During sporting activities, such as volleyball, basketball, and dance, acute ankle sprains are very common. Data shows that around 80% of individuals will suffer an ankle sprain at some point in their lifetime, and it tends to affect more females than males. Children are most susceptible to ankle sprain than adolescents and adults, and this is down to immature coordination patterns and neuromuscular control.

Less than 15% of acute ankle sprains also encapsulate fracture, meaning that it is mainly affects soft tissue structures. Most ankle sprains affect the structures on the outside of the ankle, and are graded into degrees of injury.

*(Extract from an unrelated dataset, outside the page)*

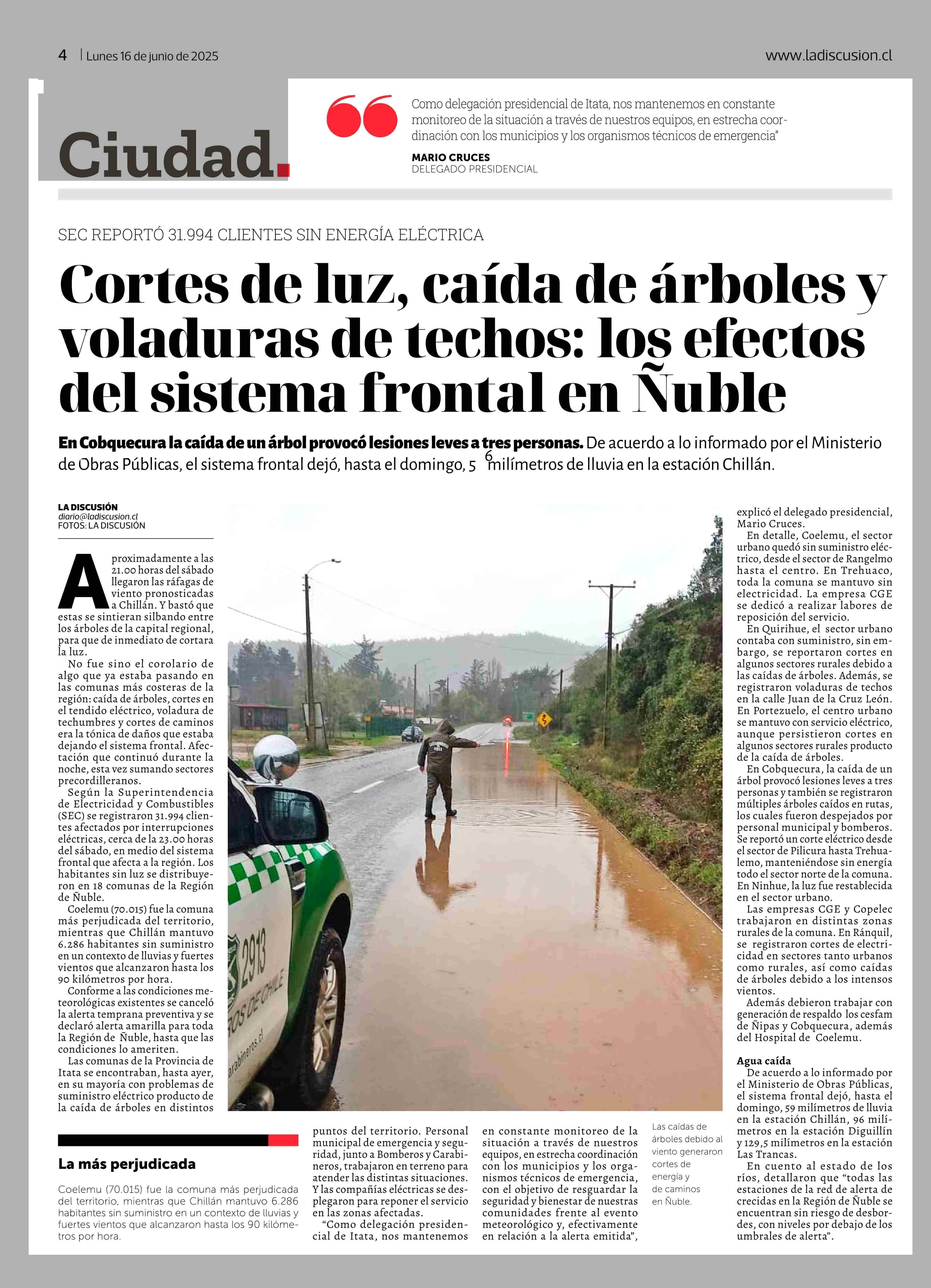 Cortes de luz, caída de árboles y voladuras de techos: los efectos del sistema frontal en Ñuble 16-06-2025 La Discusión |

A standardised management protocol is important so we know what the optimal treatment approaches are for successful recovery. Non-surgical treatment has been proposed to be most effective to manage acute ankle sprains, and functional treatment (an external device that supports the ankle) seems to be superior when compared to immobilisation. Moreover, paracetemol and opioids are as effective as non-steroidal anti-inflammatory drugs (NSAIDS) in reducing pain. Manipulative and exercise therapy has shown to be beneficial during the initial recovery phase, with a focus on restoring ankle dorsiflexion to prevent re-injury and chronic joint instability.

As with many other injuries, a multi-modal approach to rehabilitation is often recommended so that the return to sport can be swift without compromising re-injury.

Gaddi, D. et al. (2022). Acute ankle sprain management: An umbrella review of systematic reviews. Front. Med. 9: 868474.